**Provided records:**
-- Opening Marker --
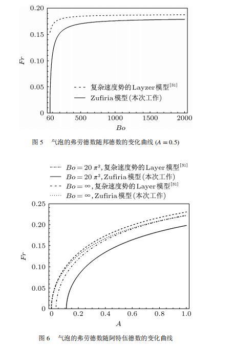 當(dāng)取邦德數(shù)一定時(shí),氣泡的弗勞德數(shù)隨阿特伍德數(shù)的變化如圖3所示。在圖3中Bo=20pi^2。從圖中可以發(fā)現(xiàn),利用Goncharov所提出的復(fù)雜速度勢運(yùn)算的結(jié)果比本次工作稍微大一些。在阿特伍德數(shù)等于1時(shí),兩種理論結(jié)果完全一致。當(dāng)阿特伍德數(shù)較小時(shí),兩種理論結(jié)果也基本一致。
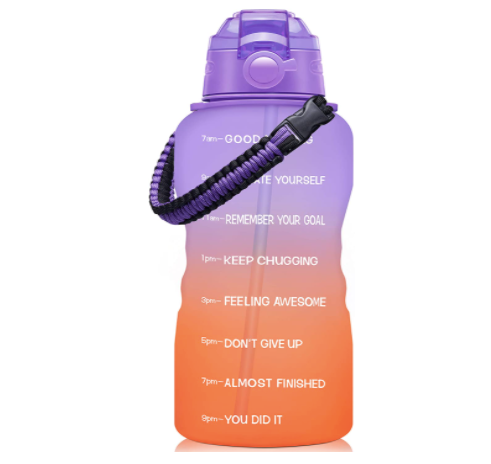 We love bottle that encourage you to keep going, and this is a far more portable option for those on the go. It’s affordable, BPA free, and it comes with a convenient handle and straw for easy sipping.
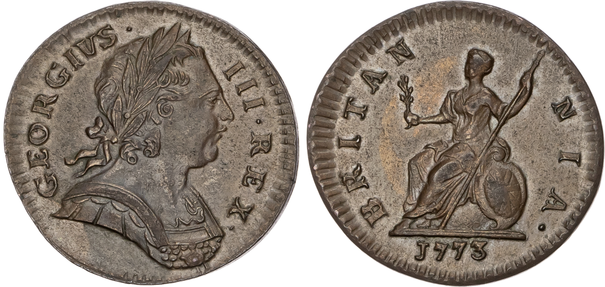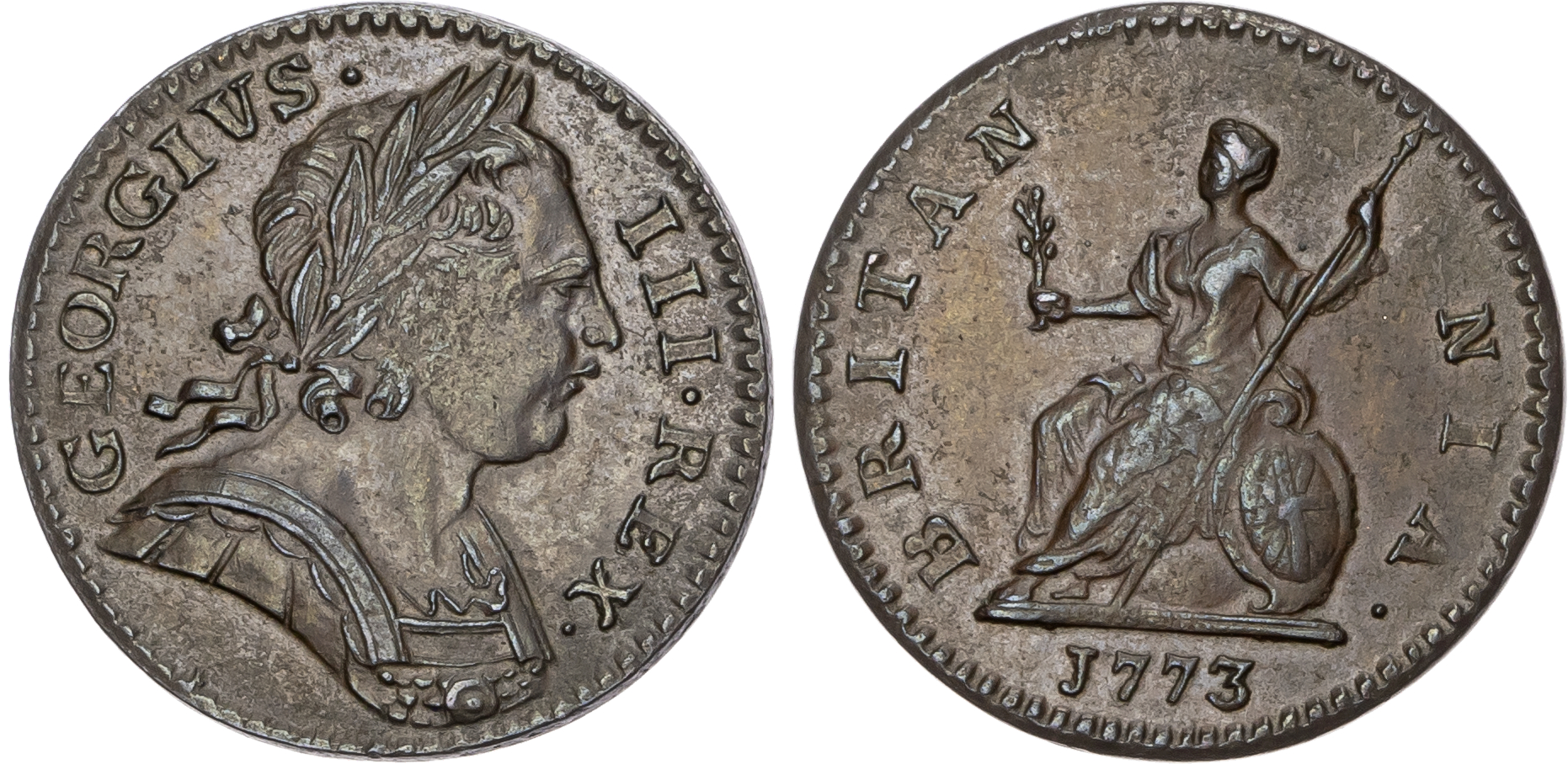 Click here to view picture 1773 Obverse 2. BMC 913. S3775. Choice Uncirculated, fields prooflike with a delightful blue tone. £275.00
-- Closing Marker --
-- Opening Marker --
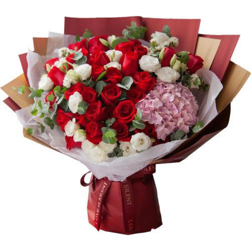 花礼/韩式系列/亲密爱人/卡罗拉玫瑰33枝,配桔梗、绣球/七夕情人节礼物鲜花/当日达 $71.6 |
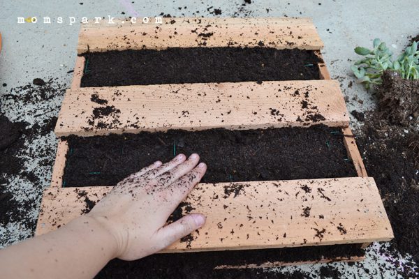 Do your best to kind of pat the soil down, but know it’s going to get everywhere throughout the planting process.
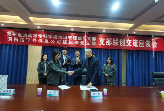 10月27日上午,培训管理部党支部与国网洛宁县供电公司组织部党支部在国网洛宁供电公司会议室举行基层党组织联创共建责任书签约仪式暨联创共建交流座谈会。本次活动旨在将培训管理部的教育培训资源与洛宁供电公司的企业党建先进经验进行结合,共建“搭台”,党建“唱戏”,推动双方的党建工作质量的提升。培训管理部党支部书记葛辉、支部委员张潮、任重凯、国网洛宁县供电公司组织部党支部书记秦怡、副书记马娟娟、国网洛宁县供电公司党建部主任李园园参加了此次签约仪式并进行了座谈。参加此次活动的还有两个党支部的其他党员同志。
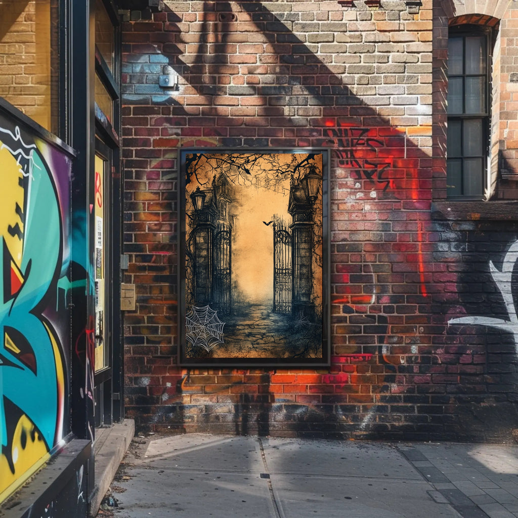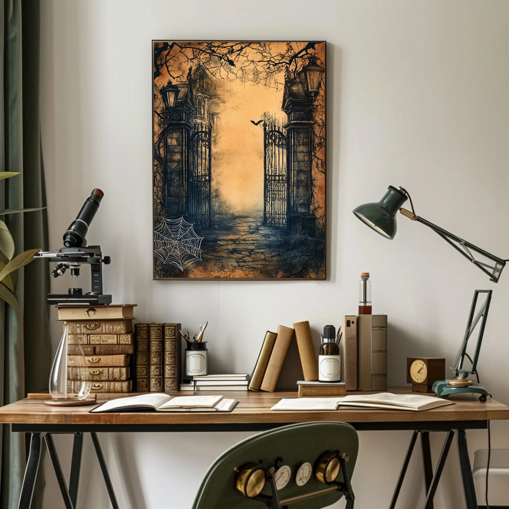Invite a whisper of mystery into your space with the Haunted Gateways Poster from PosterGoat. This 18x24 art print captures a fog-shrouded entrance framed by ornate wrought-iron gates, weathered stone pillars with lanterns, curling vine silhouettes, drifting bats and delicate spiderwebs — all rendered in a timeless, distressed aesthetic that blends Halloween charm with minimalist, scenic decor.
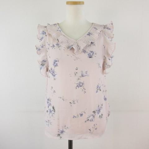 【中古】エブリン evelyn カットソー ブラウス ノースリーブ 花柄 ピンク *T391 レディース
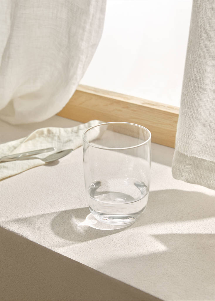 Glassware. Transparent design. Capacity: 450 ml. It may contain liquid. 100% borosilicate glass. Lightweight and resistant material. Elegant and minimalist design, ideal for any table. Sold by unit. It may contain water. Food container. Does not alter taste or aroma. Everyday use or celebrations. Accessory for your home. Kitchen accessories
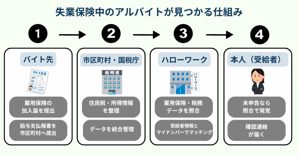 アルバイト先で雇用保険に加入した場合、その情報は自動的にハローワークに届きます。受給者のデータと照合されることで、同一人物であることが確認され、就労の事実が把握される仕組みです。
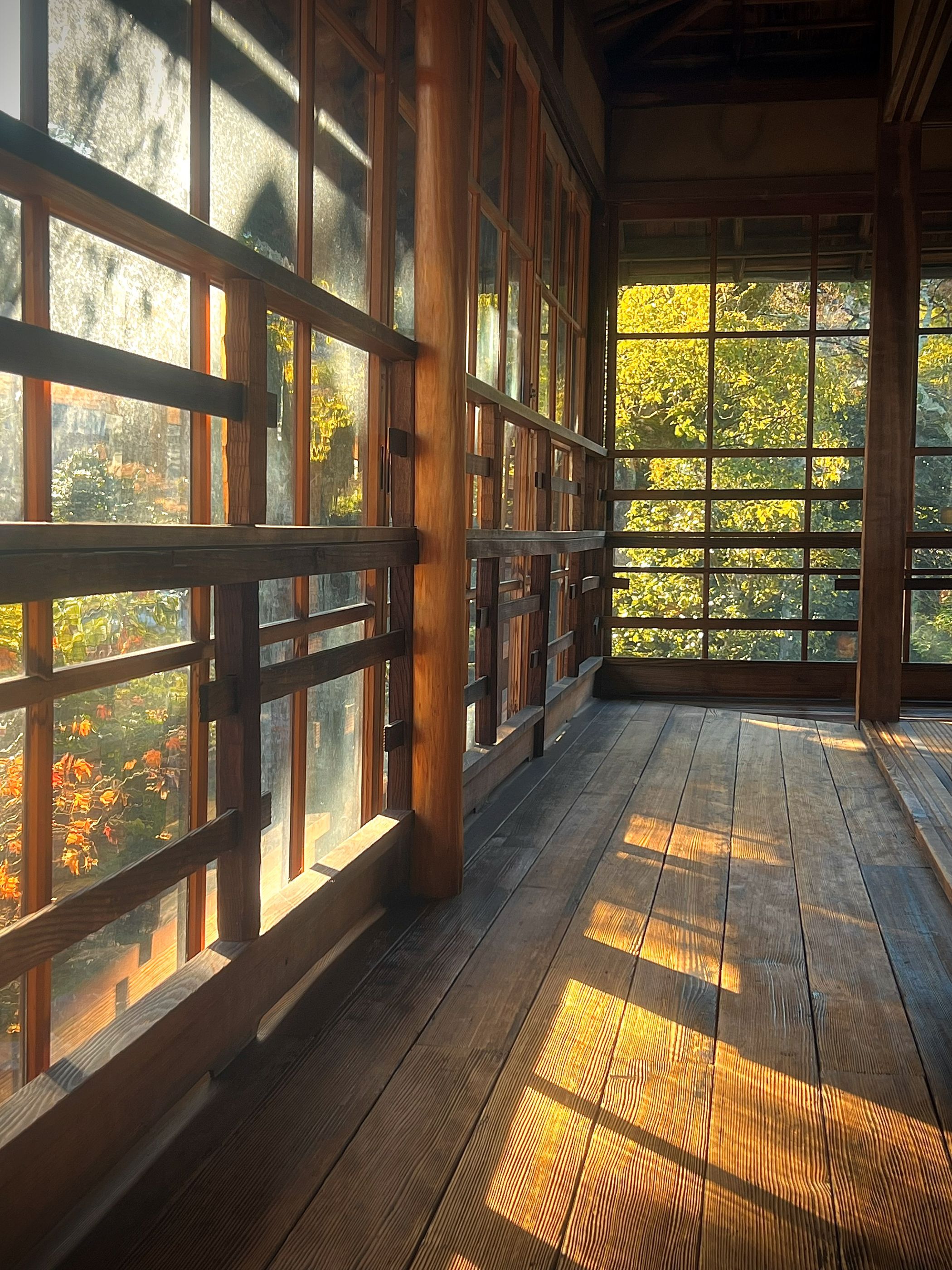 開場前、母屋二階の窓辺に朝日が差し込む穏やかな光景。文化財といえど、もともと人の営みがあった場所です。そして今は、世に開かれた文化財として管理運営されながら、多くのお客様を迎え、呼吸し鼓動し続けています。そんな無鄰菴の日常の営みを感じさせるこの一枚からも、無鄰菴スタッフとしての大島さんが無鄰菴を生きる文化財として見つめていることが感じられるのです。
-- Closing Marker --
**Exercise objective:** In the records above, everything from the line with "アルバイト先で雇用保険に加入" down to the line with "開場前、母屋二階の窓辺に朝日" must be duplicated exactly, both lines kept. Leave no pictures in.

**Response to the task:**
 アルバイト先で雇用保険に加入した場合、その情報は自動的にハローワークに届きます。受給者のデータと照合されることで、同一人物であることが確認され、就労の事実が把握される仕組みです。
 開場前、母屋二階の窓辺に朝日が差し込む穏やかな光景。文化財といえど、もともと人の営みがあった場所です。そして今は、世に開かれた文化財として管理運営されながら、多くのお客様を迎え、呼吸し鼓動し続けています。そんな無鄰菴の日常の営みを感じさせるこの一枚からも、無鄰菴スタッフとしての大島さんが無鄰菴を生きる文化財として見つめていることが感じられるのです。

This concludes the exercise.